2. If $V$ is Hausdorff, then $(v_x)$ has at most one limit. In particular, if $(w_x)$ is another family of points of $V$ indexed by $X$ which converges to a point $w\neq v$, the set of $x\in X$ such that $v_x\neq w_x$ belongs to $\cal U$.
3. Moreover, if $V$ is compact, then any family $(v_x)$ has a $\cal U$-limit in $V$. This is essentially the definition of compactness in terms of ultrafilters, but it does no harm recalling the proof. If, by contradiction, $(v_x)$ has no $\cal U$-limit, any point $v\in V$ has a neighborhood $W_v$ such that the set $X_v$ $x\in X$ with $x\not\in W_v$ belongs to $\cal U$. Since $V$ is compact, there exists a finite set $T$ in $V$ such that the $W_v$, for $v\in T$, cover $V$. This implies that the intersection of the $X_v$, for $v\in T$, is empty. However, this is a finite intersection of elements of $\cal U$, hence belongs to $\cal U$, hence is non-empty.

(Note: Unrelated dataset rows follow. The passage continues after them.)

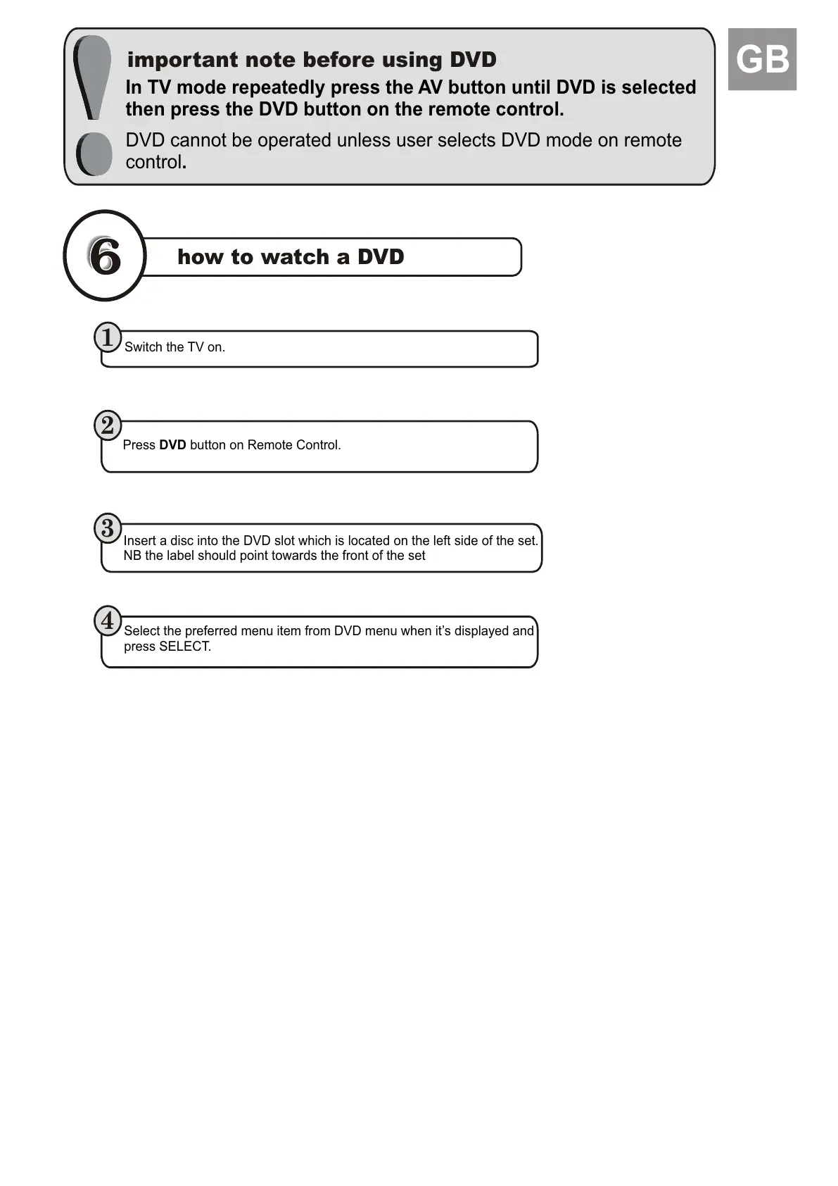 In TV mode repeatedly press the AV button until DVD is selected
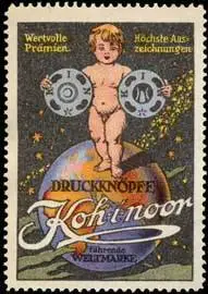 Druckknöpfe Koh-i-noor führende Weltmarke. Höchste Auszeichnungen, wertvolle Prämien. Knopf, Bekleidung, Handarbeit, Kind nackend, Größe/Zustand: 6x4 , guter Zustand, Original alte Reklamemarke die seinerzeit für die Werbung benutzt wurde
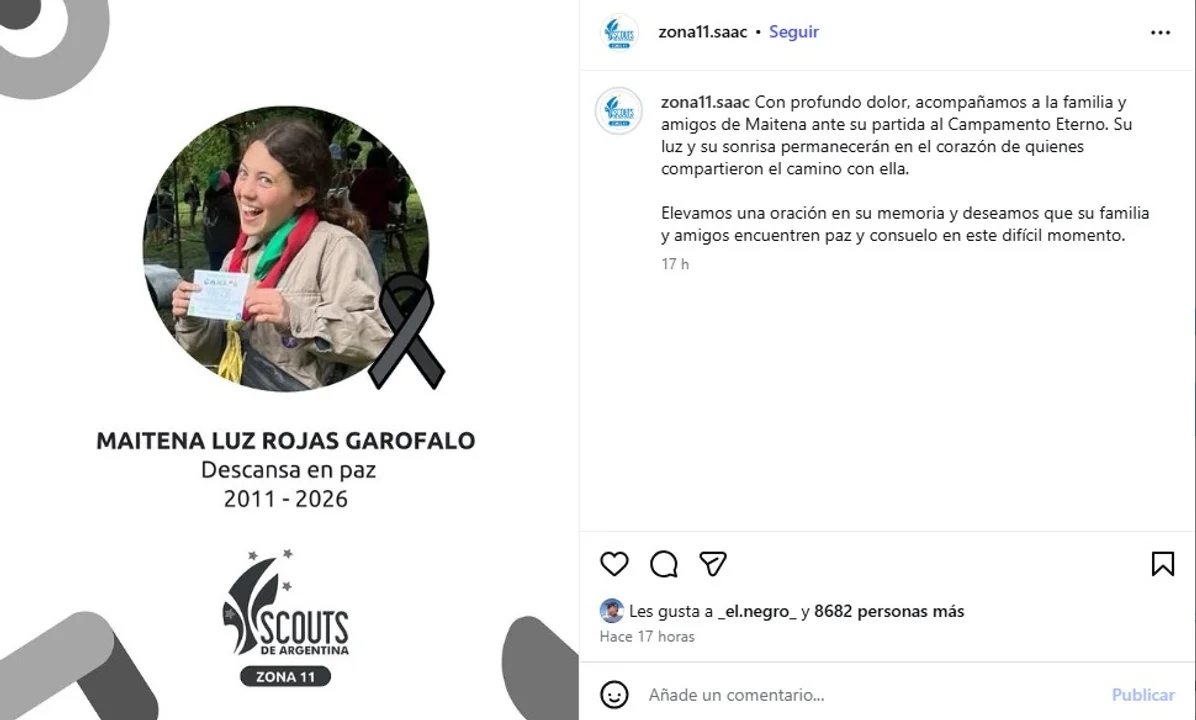 El grupo de scouts "Zona 11" al que pertenecía Maitena Luz Rojas Garófalo, la adolescente de 14 años que apareció muerta en la localidad bonaerense de Las Heras, publicó un emotivo mensaje en el que se despidió de la joven.

Last reminding. The set of nonnegative integers $\mathbf N$ is dense in the Hausdorff and compact set $\mathbf Z_2$ of $2$-adic integers endowed with the $2$-adic distance.

For every $x\in X$, choose a surjection $f_x$ from $A_x$ to the interval of integers $[0,\mathrm{Card}(A_x))$, viewed as a subset of $\mathbf Z_2$. For any family $a=(a_x)$ where $a_x\in A_x$ for every $x\in X$, the family $(f_x(a_x))$ has a unique $\cal U$-limit in $\mathbf Z_2$, denoted $f(a)$. This defines a map $f\colon A\to \mathbf Z_2$.

Let $a=(a_x)$ and $b=(b_x)$ be two such families and assume that $f(a)\neq f(b)$. It follows from the fact that $\mathbf Z_2$ is Hausdorff that the set of $x\in X$ such that $a_x\neq b_x$ belongs to $\cal U$. Said the other way round, if $a$ and $b$ are $\cal U$-equivalent, then $f(a)=f(b)$, so that $f$ defines a map $f^*\colon A^*\to\mathbf Z_2$.

We now show that if the cardinalities $\mathrm{Card}(A_x)$ are not bounded (with respect to $\cal U$), this map $f^*$ is surjective. Let $v\in\mathbf Z_2$; for any $x\in X$, let $v_x$ be the integer in $[0,\mathrm{Card}(A_x))$ which is the closest to $v$ with respect to the $2$-adic distance and let $a_x\in A_x$ be such that $f_x(a_x)=v_x$. I claim that $d(v,v_x)$ $\cal U$-converges to $0$; indeed, for any $k$, the set $X_k$  of $x\in X$ such that $\mathrm{Card}(A_x)\geq 2^k$ belongs to $\cal U$ (this is what it means to be unbounded with respect to $\cal U$) and for  $x\in X_k$, $d(v,v_x)\leq 2^{-k}$.  By construction, $(f_x(a_x))=(v_x)$, hence $f((a_x))=v$; if $a^*$ is the class in $A^*$ of the family $(a_x)$, we thus have $f^*(a^*)=v$.

Finally, $\mathrm{Card}(A^*) \geq \mathrm{Card}(\mathbf Z_2)=2^{\mathbf N}$, as was to be shown.

(This proof is longer, but only because I needed to recall—I mean, to recall to myself—the topological apparatus of convergence for ultrafilters.)